TASK DETAILS: Everything from the first line of the material to the line containing "of Fabio Ribeiro.", inclusive, must be given again exactly; no pictures, and nothing past that line.

DATA EXTRACTS:
# # # #
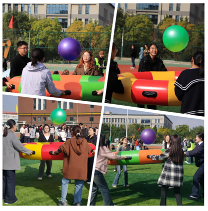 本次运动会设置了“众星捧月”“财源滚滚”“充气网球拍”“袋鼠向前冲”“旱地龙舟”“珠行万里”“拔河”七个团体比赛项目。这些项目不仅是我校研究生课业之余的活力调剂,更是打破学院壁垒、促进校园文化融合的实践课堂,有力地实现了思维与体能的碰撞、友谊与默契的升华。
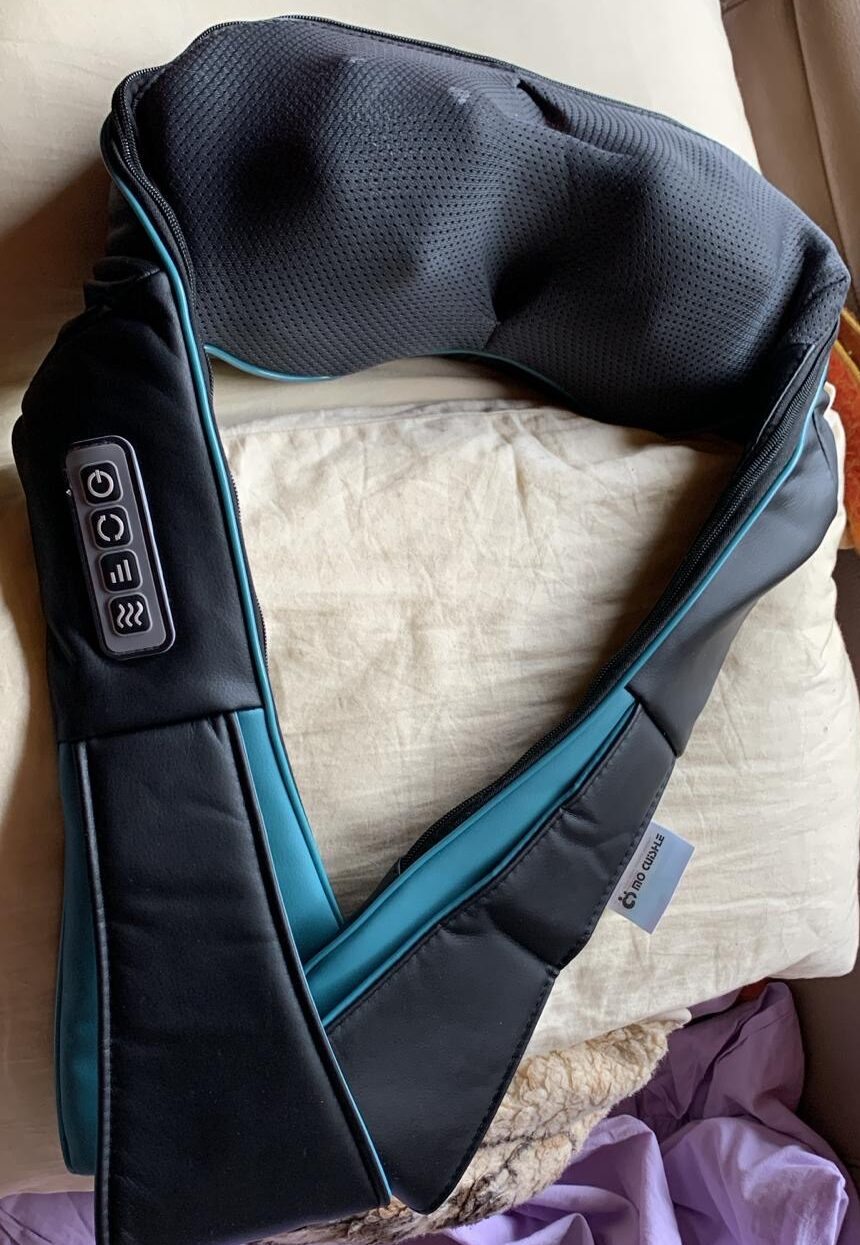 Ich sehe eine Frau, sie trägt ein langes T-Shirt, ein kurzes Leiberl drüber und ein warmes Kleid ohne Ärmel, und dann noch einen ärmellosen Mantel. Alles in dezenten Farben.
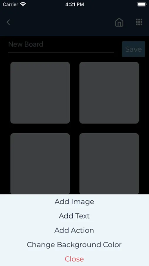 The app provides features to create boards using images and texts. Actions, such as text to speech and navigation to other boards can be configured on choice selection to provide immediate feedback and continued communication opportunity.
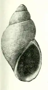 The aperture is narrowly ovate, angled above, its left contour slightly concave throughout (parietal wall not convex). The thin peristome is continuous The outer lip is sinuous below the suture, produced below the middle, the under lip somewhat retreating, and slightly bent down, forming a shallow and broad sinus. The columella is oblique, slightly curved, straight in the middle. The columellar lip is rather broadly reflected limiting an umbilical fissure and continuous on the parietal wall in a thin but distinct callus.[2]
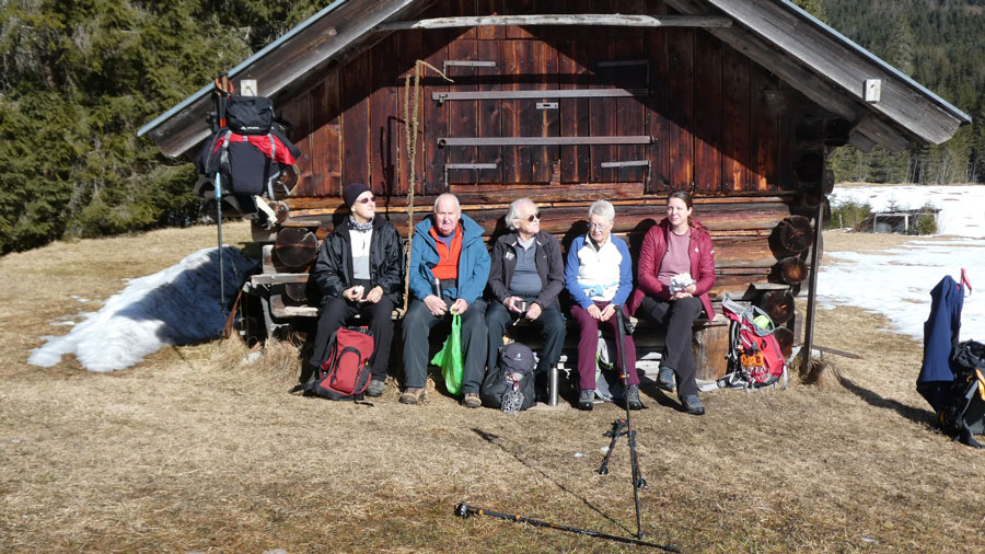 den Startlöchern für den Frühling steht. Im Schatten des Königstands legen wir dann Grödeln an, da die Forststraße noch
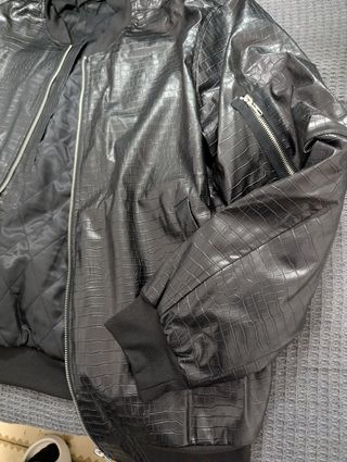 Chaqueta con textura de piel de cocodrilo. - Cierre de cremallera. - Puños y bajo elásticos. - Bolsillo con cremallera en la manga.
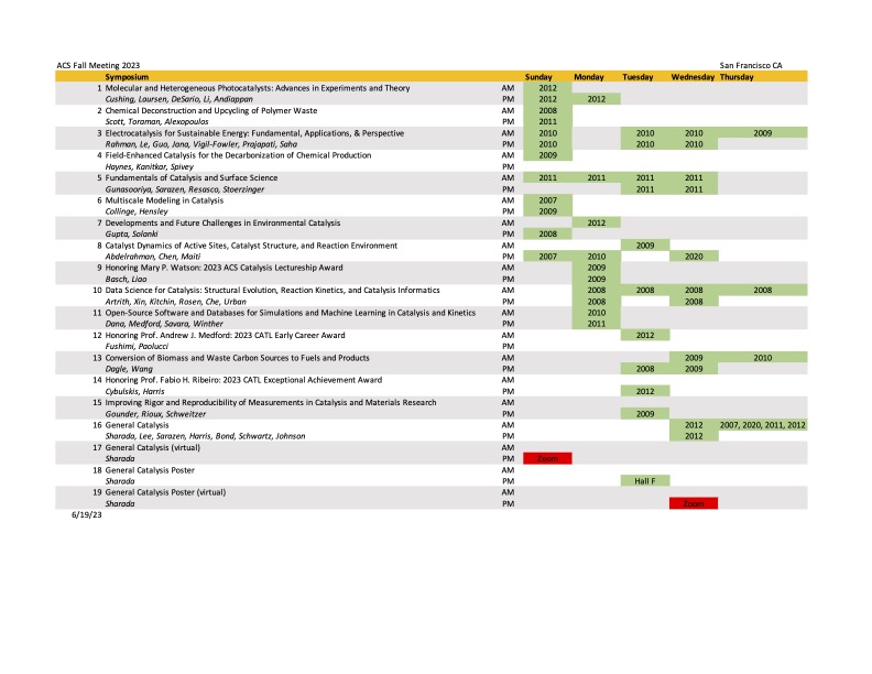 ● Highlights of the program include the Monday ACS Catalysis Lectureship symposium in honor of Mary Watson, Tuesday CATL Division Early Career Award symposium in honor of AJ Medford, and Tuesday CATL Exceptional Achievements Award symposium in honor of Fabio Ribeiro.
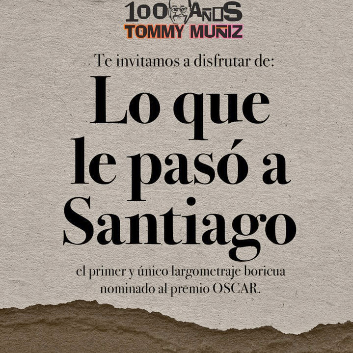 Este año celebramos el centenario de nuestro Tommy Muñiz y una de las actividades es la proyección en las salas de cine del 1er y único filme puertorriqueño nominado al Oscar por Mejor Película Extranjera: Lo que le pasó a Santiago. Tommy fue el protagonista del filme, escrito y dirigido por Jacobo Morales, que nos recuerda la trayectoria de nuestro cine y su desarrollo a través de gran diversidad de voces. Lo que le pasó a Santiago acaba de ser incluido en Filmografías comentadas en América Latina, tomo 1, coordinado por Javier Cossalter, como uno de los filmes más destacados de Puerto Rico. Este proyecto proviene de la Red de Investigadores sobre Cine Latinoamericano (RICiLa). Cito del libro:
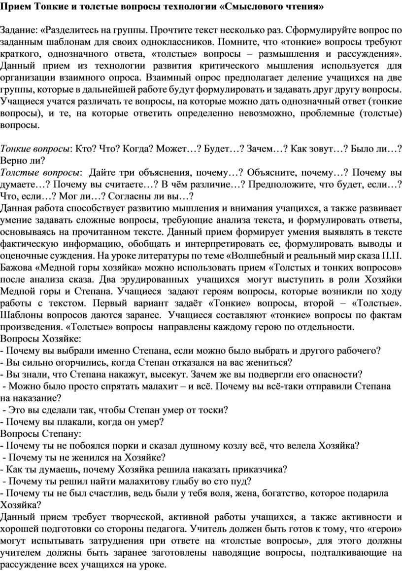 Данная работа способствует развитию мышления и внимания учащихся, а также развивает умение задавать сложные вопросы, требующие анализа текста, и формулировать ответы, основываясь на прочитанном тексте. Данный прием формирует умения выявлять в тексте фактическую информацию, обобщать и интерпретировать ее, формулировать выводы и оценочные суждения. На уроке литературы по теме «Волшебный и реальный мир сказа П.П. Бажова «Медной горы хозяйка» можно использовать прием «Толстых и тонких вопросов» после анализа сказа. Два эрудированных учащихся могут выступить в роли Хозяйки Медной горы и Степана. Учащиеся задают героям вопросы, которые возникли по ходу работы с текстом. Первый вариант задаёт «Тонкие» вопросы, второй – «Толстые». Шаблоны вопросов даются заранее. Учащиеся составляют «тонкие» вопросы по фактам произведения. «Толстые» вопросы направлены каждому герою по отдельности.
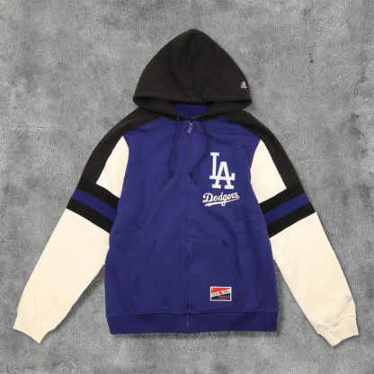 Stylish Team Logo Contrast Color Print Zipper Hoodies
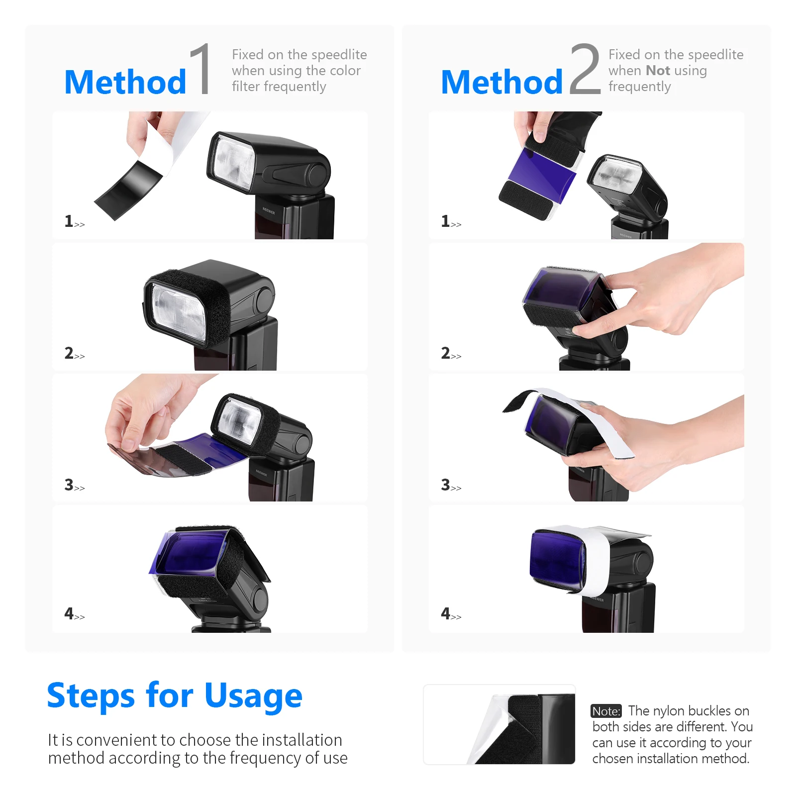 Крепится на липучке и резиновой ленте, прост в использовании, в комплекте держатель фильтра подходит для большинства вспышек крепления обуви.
# # # #
RESPONSE TO THIS EXERCISE:
 本次运动会设置了“众星捧月”“财源滚滚”“充气网球拍”“袋鼠向前冲”“旱地龙舟”“珠行万里”“拔河”七个团体比赛项目。这些项目不仅是我校研究生课业之余的活力调剂,更是打破学院壁垒、促进校园文化融合的实践课堂,有力地实现了思维与体能的碰撞、友谊与默契的升华。
 Ich sehe eine Frau, sie trägt ein langes T-Shirt, ein kurzes Leiberl drüber und ein warmes Kleid ohne Ärmel, und dann noch einen ärmellosen Mantel. Alles in dezenten Farben.
 The app provides features to create boards using images and texts. Actions, such as text to speech and navigation to other boards can be configured on choice selection to provide immediate feedback and continued communication opportunity.
 The aperture is narrowly ovate, angled above, its left contour slightly concave throughout (parietal wall not convex). The thin peristome is continuous The outer lip is sinuous below the suture, produced below the middle, the under lip somewhat retreating, and slightly bent down, forming a shallow and broad sinus. The columella is oblique, slightly curved, straight in the middle. The columellar lip is rather broadly reflected limiting an umbilical fissure and continuous on the parietal wall in a thin but distinct callus.[2]
 den Startlöchern für den Frühling steht. Im Schatten des Königstands legen wir dann Grödeln an, da die Forststraße noch
 Chaqueta con textura de piel de cocodrilo. - Cierre de cremallera. - Puños y bajo elásticos. - Bolsillo con cremallera en la manga.
 ● Highlights of the program include the Monday ACS Catalysis Lectureship symposium in honor of Mary Watson, Tuesday CATL Division Early Career Award symposium in honor of AJ Medford, and Tuesday CATL Exceptional Achievements Award symposium in honor of Fabio Ribeiro.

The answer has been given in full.